Monday, July 11, 2016

NLP (almost) From Scratch - Implementing the POS Network


Recently I was tasked with reading the Natural Language Processing (almost) from Scratch paper by Collobert, et al, and sharing my findings with other members of the San Francisco Deep Learning Enthusiasts meetup group. Unlike other meetups, where you go to listen to experts, this one is more like a study group. Our primary activity is watching and discussing deep learning videos and sharing information about Deep Learning (DL). We (usually) meet every Thursday - if you are interested in bootstrapping your DL skills and are in San Francisco, you should join us.

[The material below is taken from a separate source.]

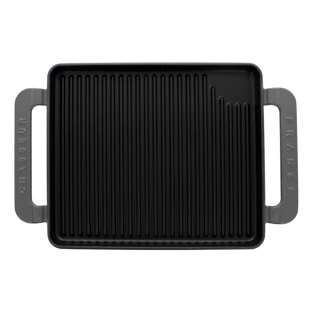 Chasseur's cast iron rectangular grill pan is perfect for grilling and searing steaks, delicious burgers, shellfish and roasted vegetables. This grill is constructed of thick cast iron to maintain its temperature and evenly distribute the heat for optimal cooking conditions. While cooking, ridges allow excess fat and grease to drain. The exterior is treated with double layers of enamel to ensure many years of use.

But in any case, getting back to the paper. Even though it was written in 2011, it is still interesting as one of the first major application of DL techniques to Natural Language Processing (NLP). Proof that its interesting to the population at large (as opposed to just us in our meetup) comes from the fact that it featured on The Morning Paper recently (July 4th 2016).

The field of NLP has certain core tasks upon which other higher level, more "magical" applications are built. These tasks are part of speech (POS) tagging, phrase chunking, named entity recognition (NER) and semantic role labeling (SRL). Each of these tasks have standard datasets and benchmark results that NLP researchers are constantly trying to beat. What sets this paper apart is that this is the first time where the authors avoided any task specific feature engineering (i.e., creating hand crafted linguistic features), and yet achieved results that beat current benchmarks in 3 of the 4 tasks.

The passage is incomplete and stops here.